Sir Tane often called into the coffeehouse on his way from his home in Bedford Square to the Parliament House. He was very pleasant when Mr. Pearse introduced me to him.

“I can’t remember how to genuflect,” I said, offering my hand.

Sir Tane was a kindly old man, unaffected by his greatness. He merely laughed, shook my hand, and welcomed me to the coffeehouse. He was a true gentleman, and I started to look forward to our meetings. He was an intelligent and entertaining conversationalist. Sir Tane, too, could be relied upon for a stimulating discussion about horse racing, although his interest was mainly academic. He never actually laid a bet.

“Where’s the fun in that?” I wondered, and Mr. Pearse grimaced and shrugged. He didn’t appear to understand it either.

Mr. Abrams, the apothecary from across the road, came in most days. A pleasant young man in his thirties, he appeared to prefer coffee to his own pills and concoctions as a sovereign remedy for all ills. Something to remember when Cousin Agnes drove me to drink and a distempered liver. His was the shop with the lintel carved with exotic birds and animals, and some days I called in there to greet the monkey and the crow.

Two businessmen were also often at the coffeehouse when I was. Rosens and Matthews, apparently, although I had no idea which was which. They had an import-export business occupying part of the same building as the coffeehouse. Mr. Pearse, I noticed, was always polite with them but a little distant. I got the impression he didn’t like them much.

Mrs. Deedes, who owned an antiquarian book shop in the next street, called in every morning for a large mug of black coffee, unadulterated by milk or flavorings. “I dare say,” she said, in quelling tones, when Mr. Pearse introduced me to her. She put me in mind of my old nanny. I found myself standing on one leg, polishing the toe of my shoe on the back of the other trouser leg, and checking I’d cleaned my fingernails. She didn’t offer to shake hands. Just as well. I wasn’t entirely convinced I’d get mine back. It was another week before we had anything resembling polite conversation, in which I carefully tried not to inquire after her grandson and Mrs. Deedes told me about him at great length anyway.

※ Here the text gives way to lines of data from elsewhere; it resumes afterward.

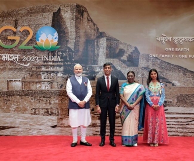 राष्ट्रपति द्रौपदी मुर्मु और प्रधानमंत्री नरेंद्र मोदी ने रात्रिभोज की शुरुआत से पहले एक मंच पर मेहमानों का स्वागत किया। इस मंच के पीछे पर्दे पर यूनेस्को के विश्व धरोहर स्थल, बिहार के प्राचीन नालंदा विश्वविद्यालय को दर्शाया गया था।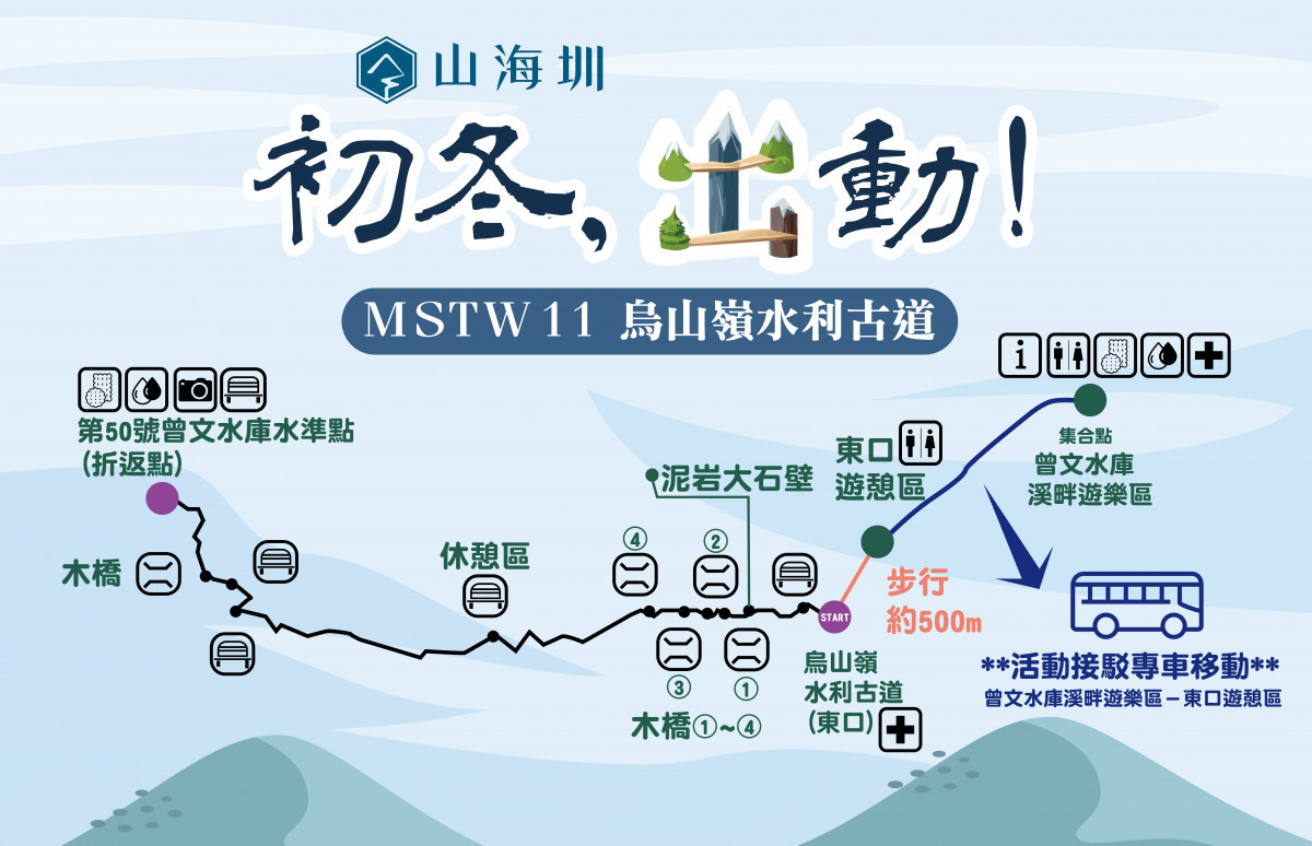 農業局表示,活動地點位於楠西區的山海圳國家綠道MSTW11路段的烏山嶺水利古道。活動分4梯次舉行,報到地點在曾文水庫溪畔遊樂區,提供善化火車站至會場的接駁服務,歡迎民眾踴躍報名參加,相關活動資訊請上「山海圳任我行」粉絲專頁https://www.facebook.com/share/1GfHUA25bj/?mibextid=wwXIfr。查詢。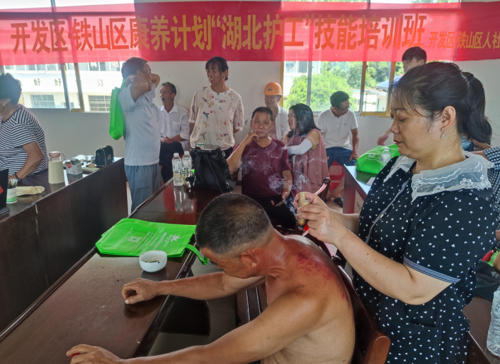 此次走访过程中,很多村民反映想学一些技能帮助自己在周边务工,对此,市供销社驻村工作队与村两委从开发区铁山区人社局请来了教护工培训的老师,开展了为期6天的教学,教学期间村干部还积极为参加培训的村民提供餐食保障,授课的老师手把手的教,还现场进行坐诊,不光提高了村民实用技能,还帮助村民治疗颈椎,腰椎之类的疾病。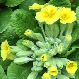 サクラソウ ピンク色が終わりかけて黄色が咲き始めました。 蕾が沢山ついてますが、これで一株なんです❗️ 確か、昨年もこの株だけ凄かった‼️ これだけの蕾を支えて咲かせるのだから、 茎が分厚くて平かったです。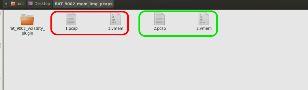 I analyzed few 9002 RAT samples (104130d666ab3f640255140007f0b12d and acbc249061a6a2fb09271a68d53567d9) in the sandbox and collected the pcaps and the memory images. Below screenshot shows the pcaps and the memory images collected after running the samples in the sandbox. The one shown in the red is the pcap and memory image after running the first RAT 9002 sample and the one in green is the pcap and memory image collected after running the second sample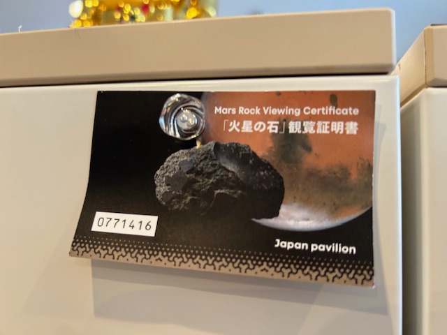 そして、日本館予約がとれていましたので行きました。火星の石に触り証明書いただきました。

The baker next door led a life of such irregularity—with regard to hours—that he came in for a midafternoon coffee before retiring to sleep. “William Somers,” he said, shaking hands and transferring flour from his cuffs to mine. He gave Mr. Pearse a wide smile. “And I’m not a baker, I’ll have you know. I’m a pâtissier, a pastry chef. I supply all the best hotels in Londinium.”

“Paris trained?” It wouldn’t surprise me. The small cakes and pastries I’d tried had been superb.

Somers inclined his head. “I am. I keep trying to tell Mr. Pearse he should sell my goods in here. Increase his trade, and send his customers to me to buy by the dozen.”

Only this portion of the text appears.